Will appreciate any thoughts as to the cause of each issue.


----------



## jsk (Dec 27, 2006)

TV Japan is a subscription channel that has some free programs on it. That might be why the receiver ignores you when you change to that channel.

Could it be that one of your neighbors also has dish and his/her remote is programmed to the same channel? Try changing the remote channel and see if the problem goes away.


----------



## denkbar (Nov 10, 2005)

Thank you. Neighbors have Verison FIOS, no satellite.
Changed the remote channel anyway, but this morning, had the same result.

Don't know if this has anything to do with it, but this morning, I noticed that the "automatically switched to channel" (345) is the first channel in my favorites list. I removed it from the list, and will see if that makes any difference. Since its intermittent, may take a few days to get any results.

Any possibility of a garage door opener or someone's radio controlled toy or video game (Sony, Microsoft, et. al.) changing the channel?


----------



## tampa8 (Mar 30, 2002)

The answer is, TVJapan is not showing the free news program after the 722K restarts at night. It therefore will not go to that channel. You can recreate a very similar thing with the HD version of the RSN. If it is not available when the receiver turns back on, it will not go to that channel. It usually goes to channel 101. If ESPN is in blackout for my area for a pro-game, if that was the last channel watched, when I turn on the receiver it will often go to the "Congratulations you have a Dish 500" or "you have 61.5" screen.

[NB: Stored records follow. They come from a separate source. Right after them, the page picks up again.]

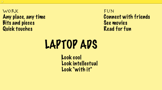 After doing this for several minutes, you should then look over your jottings to see if any patterns appear. For instance, from my notes above you can see how these commercials might let students think that laptops make it easy for them to look intellectual and do their work in bits and pieces. In addition, this implies that they can use this one product to manage the “lighter side” of their lives—social interactions and relaxation (reading, watching movies).
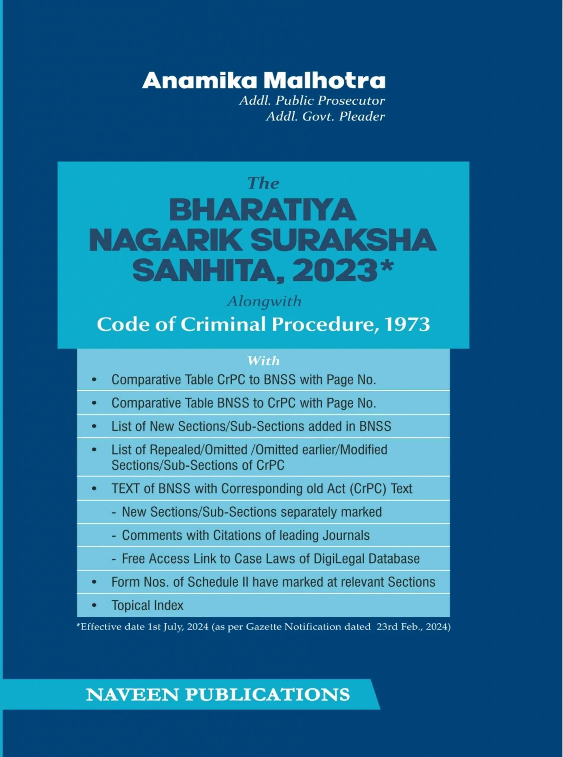 The Bharatiya Nagarik Suraksha Sanhita, 2023 along with the Code of Criminal Procedure, 1973 by Anamika Malhotra is a definitive legal reference tailored for the post-CrPC era of Indian criminal justice. Effective from 1st July 2024, BNSS introduces structural, procedural, and terminological changes that demand careful understanding and accurate application.
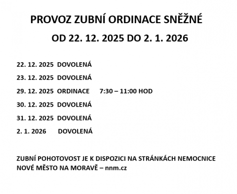Provoz zubní ordinace Sněžné

If you do not have channel 101 in that guide, it may well go to the first channel in the list. Why? because for a given guide, you can enter any channel and it will go to it as long as the guide is not showing. But when the receiver comes back on, it's not entering the channel, it takes you to the next channel in the guide because the one you left it on is not available to be watched. Especially if you do not have anything between channel 640 and channel 345 in the guide that is what is happening. It will however go to a channel not in the present guide after turning back on, if that channel is available to be watched.


----------



## denkbar (Nov 10, 2005)

Thank you for the detailed explanation. I had no idea that the DVR's software worked like that.


----------